» **WHAT IS REQUIRED**
Within the listing that follows, reproduce exactly the lines starting at the line with "A plethora of" and ending at the line with "4BR/2BA: Heated pool, open-plan", inclusive, and only those. Pictures are dropped.

» **DATASET CONTENT**
===
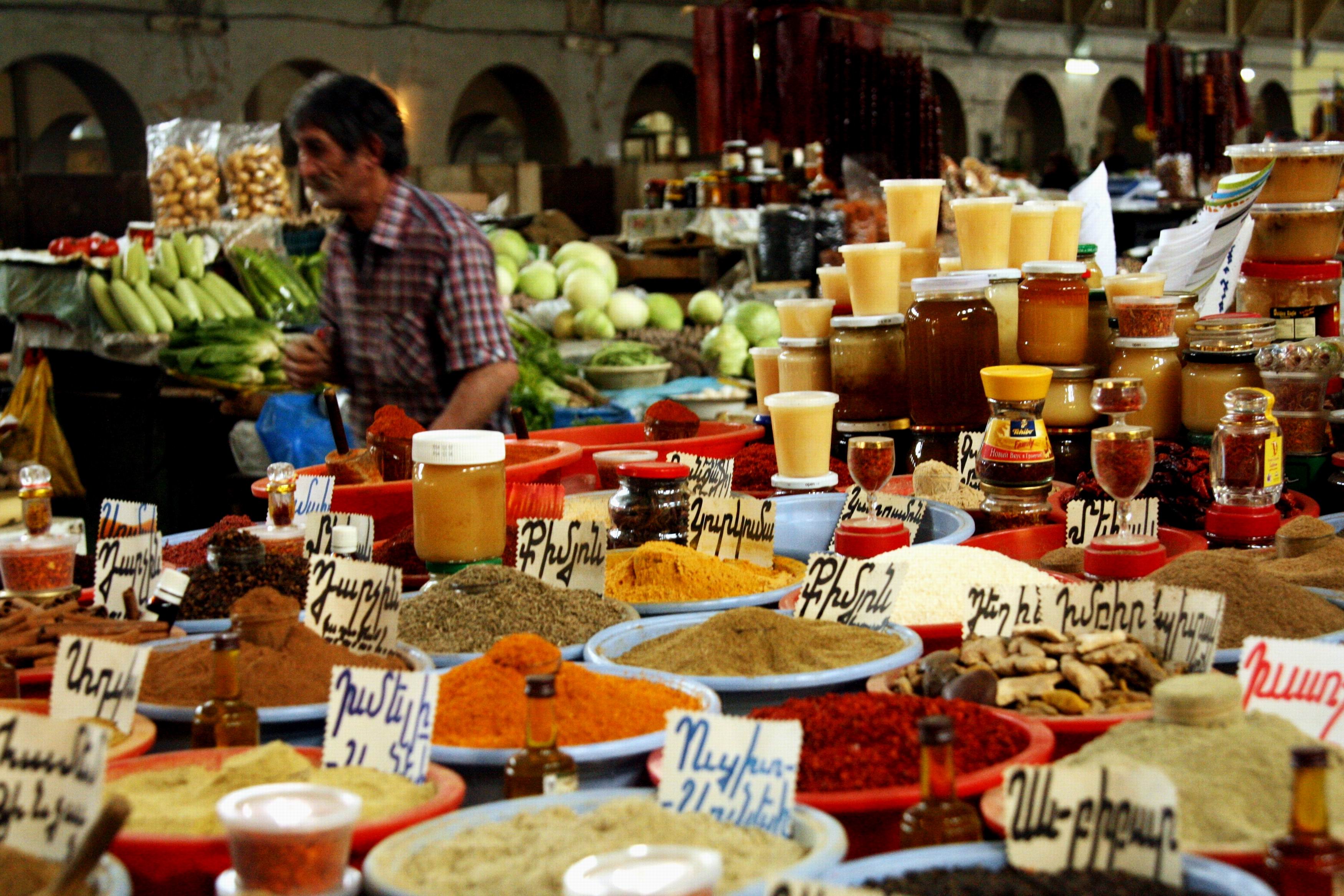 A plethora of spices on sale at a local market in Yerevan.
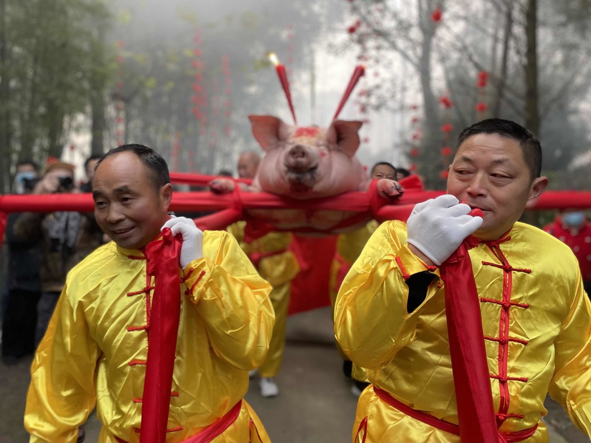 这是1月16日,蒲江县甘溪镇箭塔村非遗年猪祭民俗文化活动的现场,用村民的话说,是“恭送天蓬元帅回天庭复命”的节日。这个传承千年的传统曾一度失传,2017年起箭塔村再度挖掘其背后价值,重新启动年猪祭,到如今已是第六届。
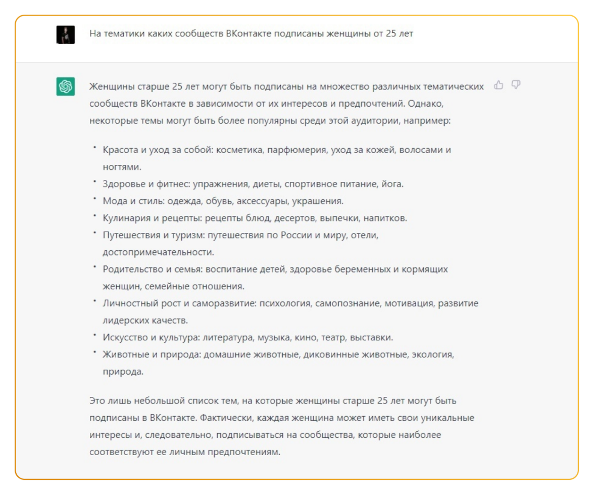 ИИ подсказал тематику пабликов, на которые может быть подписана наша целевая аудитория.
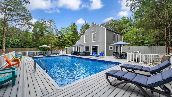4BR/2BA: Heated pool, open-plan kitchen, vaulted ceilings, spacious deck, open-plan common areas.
===
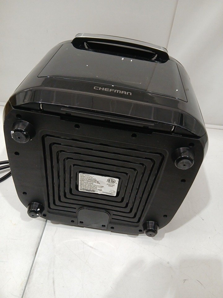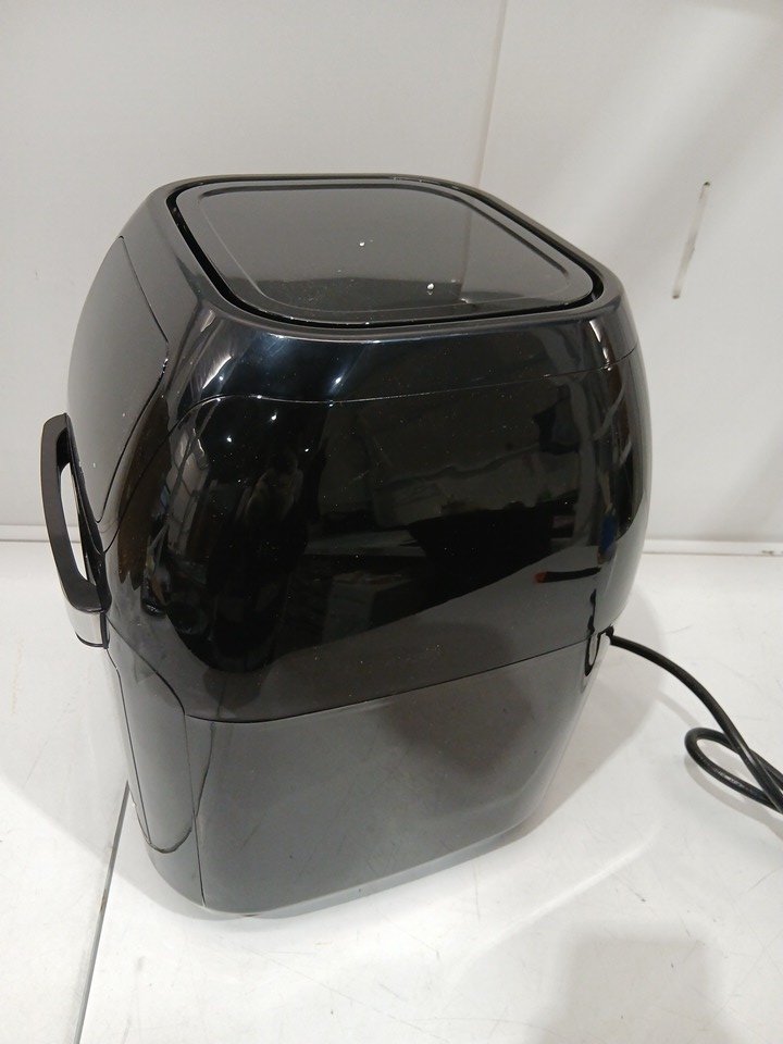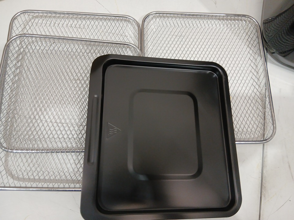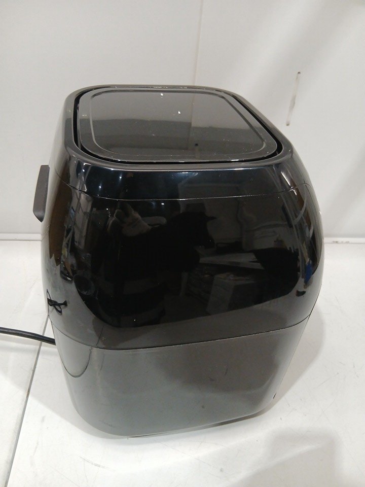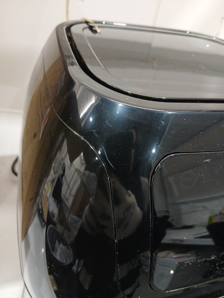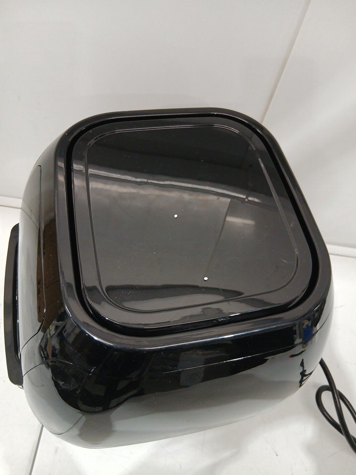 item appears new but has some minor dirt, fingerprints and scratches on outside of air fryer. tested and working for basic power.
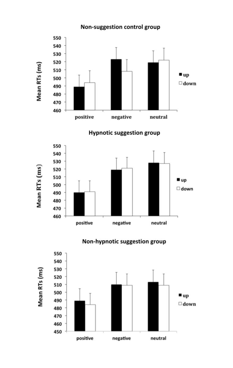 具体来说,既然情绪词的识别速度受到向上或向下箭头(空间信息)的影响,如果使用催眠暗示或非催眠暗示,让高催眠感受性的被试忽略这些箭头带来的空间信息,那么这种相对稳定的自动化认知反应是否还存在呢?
===
» **EXERCISE OUTPUT**
 A plethora of spices on sale at a local market in Yerevan.
 这是1月16日,蒲江县甘溪镇箭塔村非遗年猪祭民俗文化活动的现场,用村民的话说,是“恭送天蓬元帅回天庭复命”的节日。这个传承千年的传统曾一度失传,2017年起箭塔村再度挖掘其背后价值,重新启动年猪祭,到如今已是第六届。
 ИИ подсказал тематику пабликов, на которые может быть подписана наша целевая аудитория.
4BR/2BA: Heated pool, open-plan kitchen, vaulted ceilings, spacious deck, open-plan common areas.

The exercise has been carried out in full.